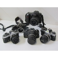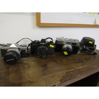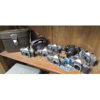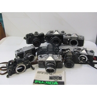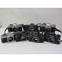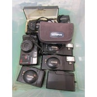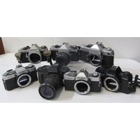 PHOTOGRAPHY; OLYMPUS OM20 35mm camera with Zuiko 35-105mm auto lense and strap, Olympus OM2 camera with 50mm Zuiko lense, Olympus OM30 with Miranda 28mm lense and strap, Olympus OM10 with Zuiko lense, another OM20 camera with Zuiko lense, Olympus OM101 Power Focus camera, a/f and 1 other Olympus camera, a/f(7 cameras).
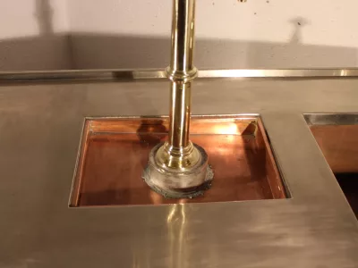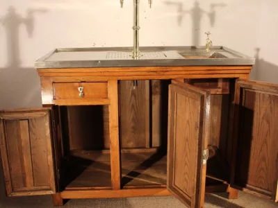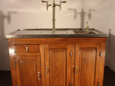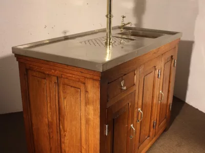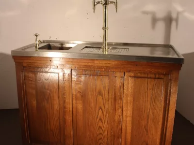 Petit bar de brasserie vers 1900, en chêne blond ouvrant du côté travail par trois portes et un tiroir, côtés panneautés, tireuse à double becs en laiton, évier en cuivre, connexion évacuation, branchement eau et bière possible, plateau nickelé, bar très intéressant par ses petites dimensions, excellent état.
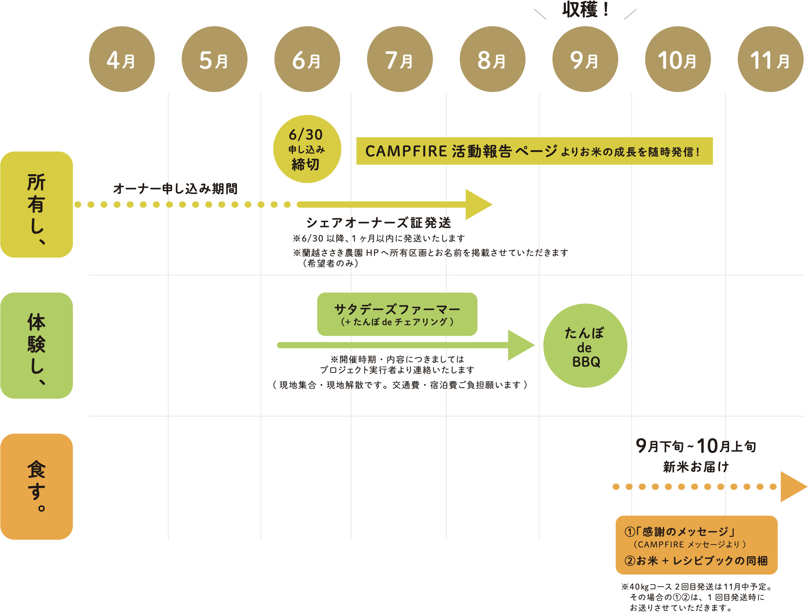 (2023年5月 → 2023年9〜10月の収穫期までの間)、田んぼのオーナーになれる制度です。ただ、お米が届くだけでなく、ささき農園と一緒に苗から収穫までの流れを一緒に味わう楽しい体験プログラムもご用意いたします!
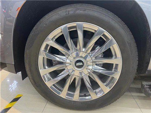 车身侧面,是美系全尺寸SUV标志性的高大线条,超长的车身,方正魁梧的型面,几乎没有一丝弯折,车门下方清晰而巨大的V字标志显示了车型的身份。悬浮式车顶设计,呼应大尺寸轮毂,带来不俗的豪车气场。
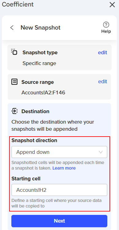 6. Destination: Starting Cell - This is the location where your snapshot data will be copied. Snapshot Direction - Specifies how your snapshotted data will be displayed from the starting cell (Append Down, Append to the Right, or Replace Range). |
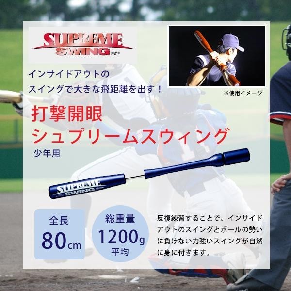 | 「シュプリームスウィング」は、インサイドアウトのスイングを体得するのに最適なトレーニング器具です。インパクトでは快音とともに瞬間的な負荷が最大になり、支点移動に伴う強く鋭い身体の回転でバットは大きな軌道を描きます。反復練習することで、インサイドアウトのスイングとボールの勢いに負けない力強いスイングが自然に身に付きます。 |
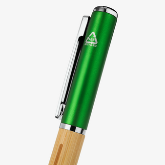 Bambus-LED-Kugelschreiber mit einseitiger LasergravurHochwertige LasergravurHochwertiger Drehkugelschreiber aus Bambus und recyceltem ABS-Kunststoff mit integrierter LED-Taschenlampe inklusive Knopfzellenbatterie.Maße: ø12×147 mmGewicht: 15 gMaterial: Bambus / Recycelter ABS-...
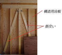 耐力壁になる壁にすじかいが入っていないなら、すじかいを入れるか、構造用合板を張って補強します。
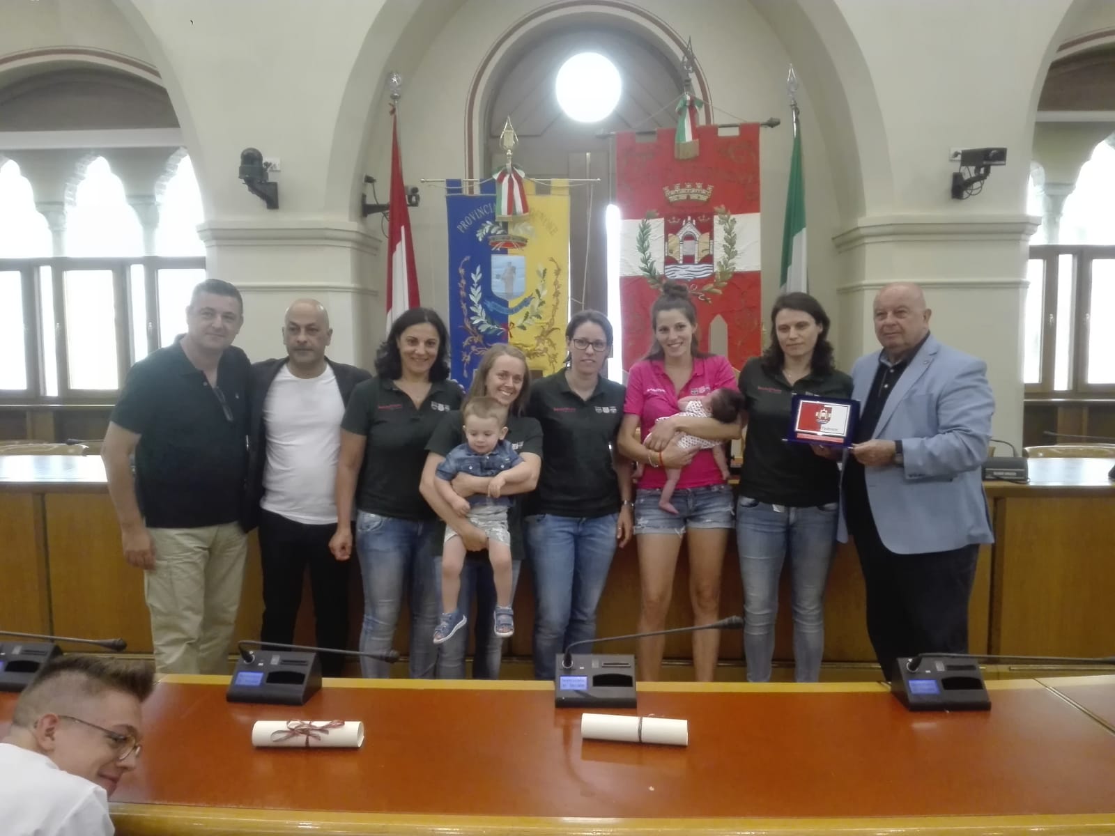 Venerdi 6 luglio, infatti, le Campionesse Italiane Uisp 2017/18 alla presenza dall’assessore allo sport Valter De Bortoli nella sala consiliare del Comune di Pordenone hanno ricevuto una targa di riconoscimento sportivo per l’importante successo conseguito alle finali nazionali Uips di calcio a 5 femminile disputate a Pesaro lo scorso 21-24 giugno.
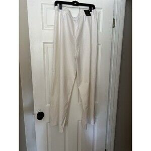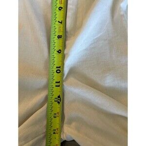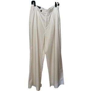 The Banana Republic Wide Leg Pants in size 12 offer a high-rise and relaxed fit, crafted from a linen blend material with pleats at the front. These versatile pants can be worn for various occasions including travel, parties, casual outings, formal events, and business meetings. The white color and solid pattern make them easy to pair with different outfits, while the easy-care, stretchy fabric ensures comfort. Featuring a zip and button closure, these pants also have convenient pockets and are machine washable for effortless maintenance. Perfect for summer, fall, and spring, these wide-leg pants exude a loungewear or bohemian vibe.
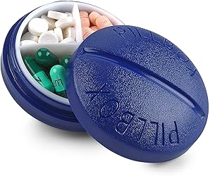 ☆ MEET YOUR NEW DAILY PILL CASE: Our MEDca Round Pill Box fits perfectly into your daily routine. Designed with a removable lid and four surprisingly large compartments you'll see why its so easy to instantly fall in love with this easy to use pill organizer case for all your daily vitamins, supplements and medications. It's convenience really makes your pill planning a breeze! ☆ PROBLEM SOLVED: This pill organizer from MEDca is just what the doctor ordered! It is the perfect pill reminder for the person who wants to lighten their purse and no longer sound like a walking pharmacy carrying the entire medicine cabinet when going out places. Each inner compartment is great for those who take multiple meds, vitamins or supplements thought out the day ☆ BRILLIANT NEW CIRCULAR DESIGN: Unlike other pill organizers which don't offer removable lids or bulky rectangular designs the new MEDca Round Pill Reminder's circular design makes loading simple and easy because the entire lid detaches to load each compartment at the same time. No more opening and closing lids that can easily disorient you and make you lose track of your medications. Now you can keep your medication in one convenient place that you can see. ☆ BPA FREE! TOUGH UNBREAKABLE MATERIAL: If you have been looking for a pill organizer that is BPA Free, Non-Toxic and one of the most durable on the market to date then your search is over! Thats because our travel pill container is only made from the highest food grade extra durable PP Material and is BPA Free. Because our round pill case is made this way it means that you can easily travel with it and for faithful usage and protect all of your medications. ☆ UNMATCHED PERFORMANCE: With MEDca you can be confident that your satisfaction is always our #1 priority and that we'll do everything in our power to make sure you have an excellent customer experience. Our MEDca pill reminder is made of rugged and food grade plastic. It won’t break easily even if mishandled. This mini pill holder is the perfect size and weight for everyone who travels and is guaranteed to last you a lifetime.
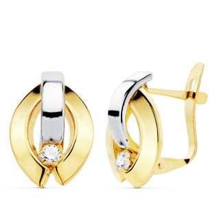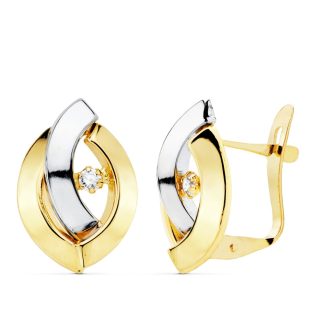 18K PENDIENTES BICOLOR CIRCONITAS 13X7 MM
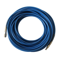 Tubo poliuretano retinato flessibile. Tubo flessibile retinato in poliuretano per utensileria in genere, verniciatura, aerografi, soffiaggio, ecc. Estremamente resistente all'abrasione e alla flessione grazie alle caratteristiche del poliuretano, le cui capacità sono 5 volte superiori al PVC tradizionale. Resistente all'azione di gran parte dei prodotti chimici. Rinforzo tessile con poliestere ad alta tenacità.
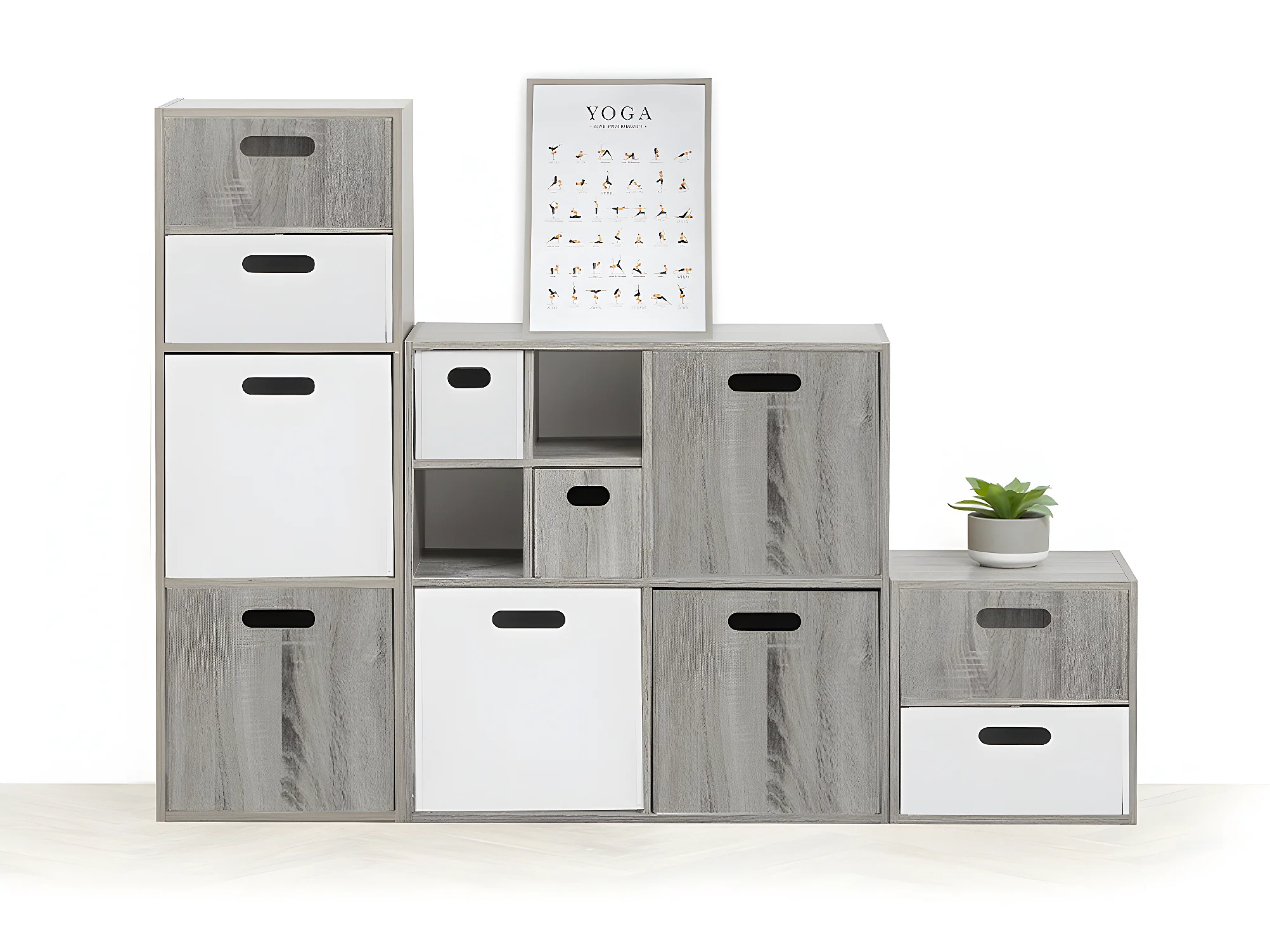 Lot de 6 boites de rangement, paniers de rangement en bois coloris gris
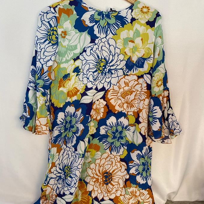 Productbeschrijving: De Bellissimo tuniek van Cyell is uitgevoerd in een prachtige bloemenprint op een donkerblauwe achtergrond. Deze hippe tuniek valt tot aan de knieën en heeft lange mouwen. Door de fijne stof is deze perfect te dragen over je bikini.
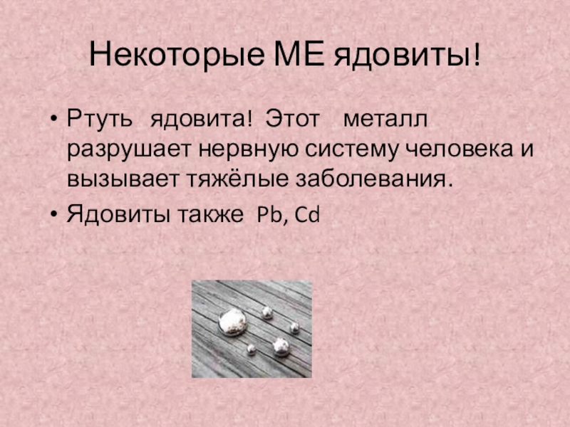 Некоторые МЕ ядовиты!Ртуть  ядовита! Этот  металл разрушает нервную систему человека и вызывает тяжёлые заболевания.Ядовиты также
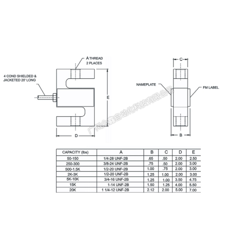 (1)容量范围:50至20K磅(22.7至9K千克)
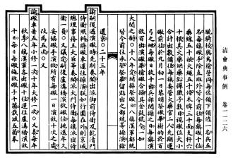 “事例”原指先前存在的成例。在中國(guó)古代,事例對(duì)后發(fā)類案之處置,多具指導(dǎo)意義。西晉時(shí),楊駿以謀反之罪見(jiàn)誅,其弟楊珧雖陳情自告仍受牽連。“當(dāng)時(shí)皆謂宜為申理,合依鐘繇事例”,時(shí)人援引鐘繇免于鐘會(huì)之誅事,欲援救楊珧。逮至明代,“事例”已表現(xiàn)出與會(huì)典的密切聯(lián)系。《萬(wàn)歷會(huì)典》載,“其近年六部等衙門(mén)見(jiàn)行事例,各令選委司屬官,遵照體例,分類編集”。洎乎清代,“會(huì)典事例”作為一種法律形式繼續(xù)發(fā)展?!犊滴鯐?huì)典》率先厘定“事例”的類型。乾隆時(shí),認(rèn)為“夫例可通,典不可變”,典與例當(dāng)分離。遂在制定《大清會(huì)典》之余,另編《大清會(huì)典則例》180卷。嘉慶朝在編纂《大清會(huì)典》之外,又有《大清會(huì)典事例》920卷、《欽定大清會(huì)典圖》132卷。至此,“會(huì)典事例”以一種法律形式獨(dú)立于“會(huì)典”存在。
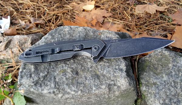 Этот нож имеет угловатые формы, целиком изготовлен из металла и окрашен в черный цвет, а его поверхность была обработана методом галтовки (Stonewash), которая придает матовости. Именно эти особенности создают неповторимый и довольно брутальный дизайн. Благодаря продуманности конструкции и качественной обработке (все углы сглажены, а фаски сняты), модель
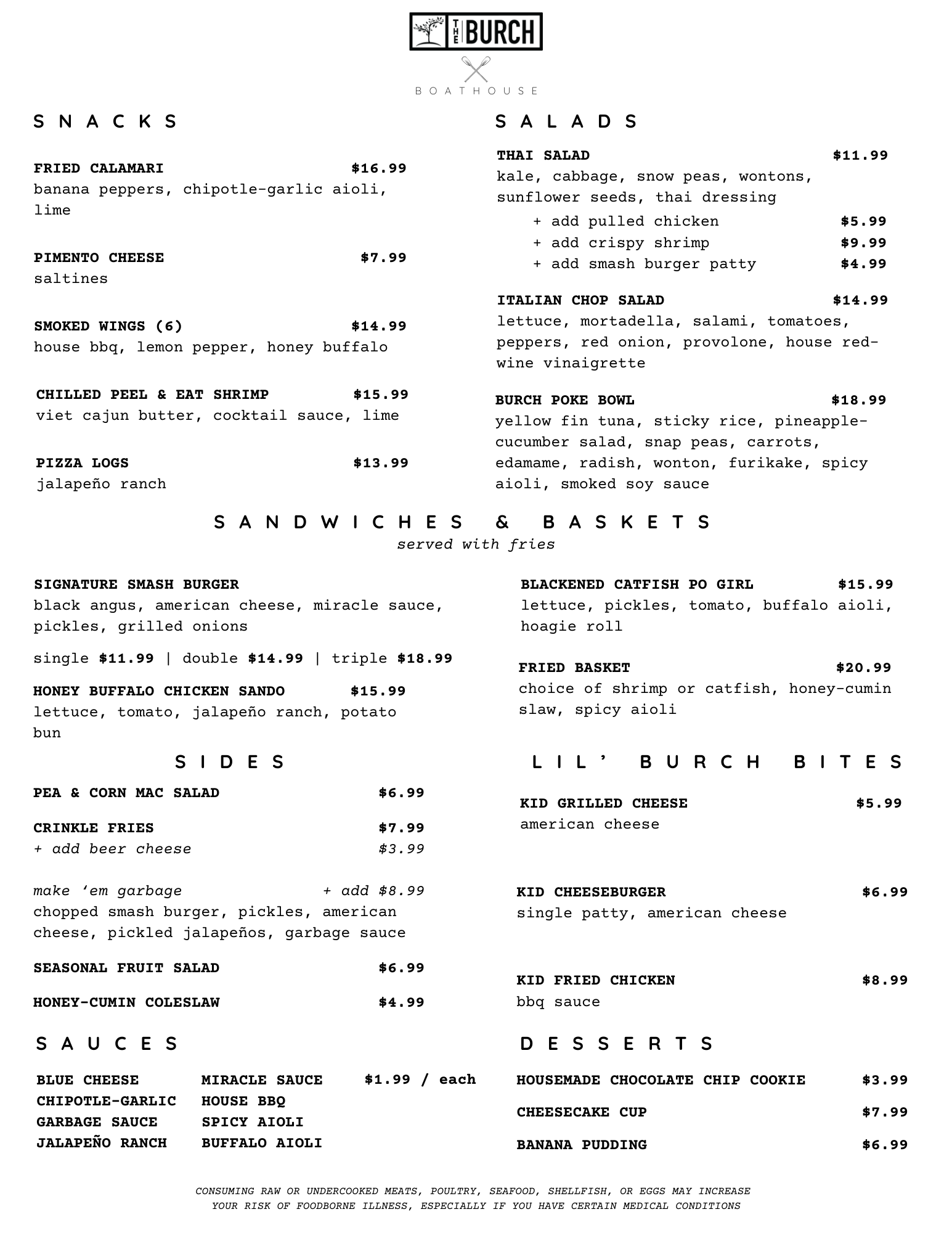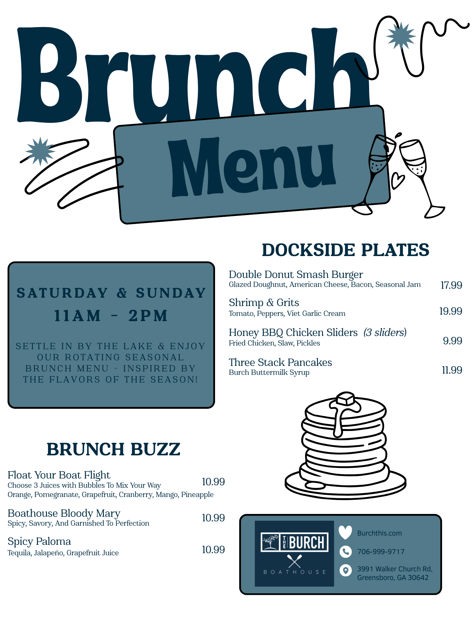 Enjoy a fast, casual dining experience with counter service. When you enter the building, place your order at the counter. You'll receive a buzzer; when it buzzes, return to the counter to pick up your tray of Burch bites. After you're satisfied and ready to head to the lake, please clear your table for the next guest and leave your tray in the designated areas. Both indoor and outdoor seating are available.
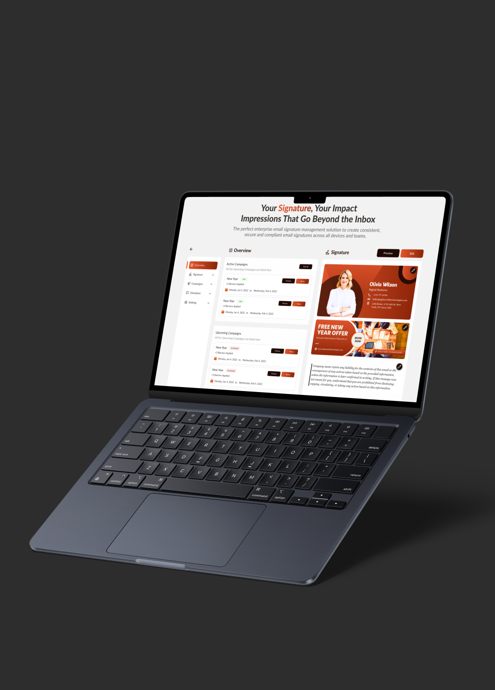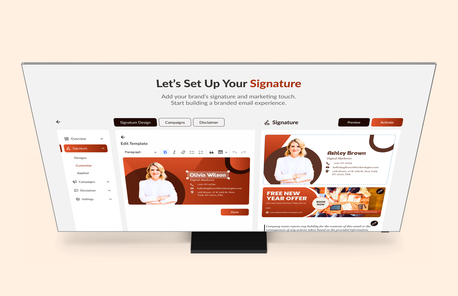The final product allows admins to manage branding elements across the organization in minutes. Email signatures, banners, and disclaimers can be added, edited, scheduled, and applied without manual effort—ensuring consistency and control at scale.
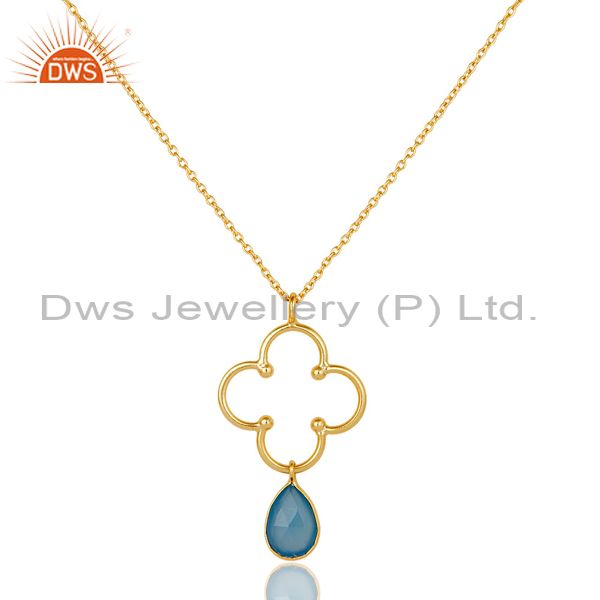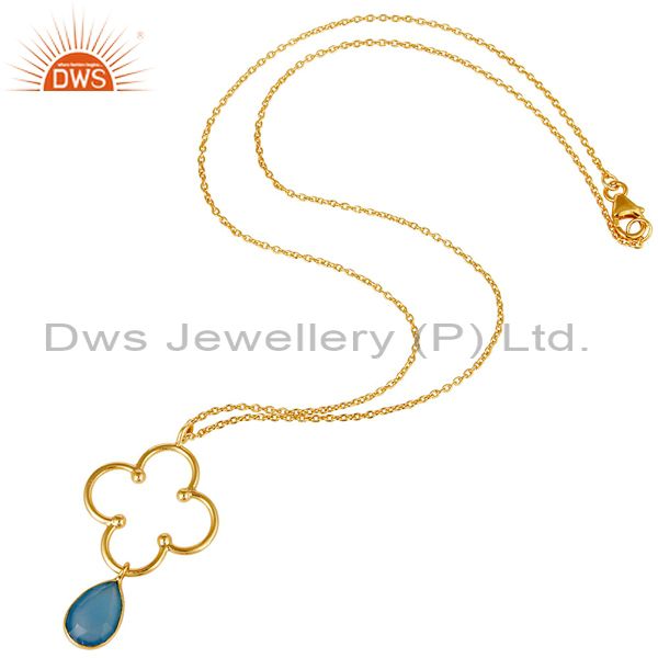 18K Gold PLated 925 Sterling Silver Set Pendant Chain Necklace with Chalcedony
..........
AIM OF THE TASK: Return word for word the lines of the listing above, starting at the line with "6. Destination: Starting" and ending at the line with "耐力壁になる壁にすじかいが入", both included. Pictures do not belong in the copy.

EXERCISE SOLUTION:
 6. Destination: Starting Cell - This is the location where your snapshot data will be copied. Snapshot Direction - Specifies how your snapshotted data will be displayed from the starting cell (Append Down, Append to the Right, or Replace Range). |
 | 「シュプリームスウィング」は、インサイドアウトのスイングを体得するのに最適なトレーニング器具です。インパクトでは快音とともに瞬間的な負荷が最大になり、支点移動に伴う強く鋭い身体の回転でバットは大きな軌道を描きます。反復練習することで、インサイドアウトのスイングとボールの勢いに負けない力強いスイングが自然に身に付きます。 |
 Bambus-LED-Kugelschreiber mit einseitiger LasergravurHochwertige LasergravurHochwertiger Drehkugelschreiber aus Bambus und recyceltem ABS-Kunststoff mit integrierter LED-Taschenlampe inklusive Knopfzellenbatterie.Maße: ø12×147 mmGewicht: 15 gMaterial: Bambus / Recycelter ABS-...
 耐力壁になる壁にすじかいが入っていないなら、すじかいを入れるか、構造用合板を張って補強します。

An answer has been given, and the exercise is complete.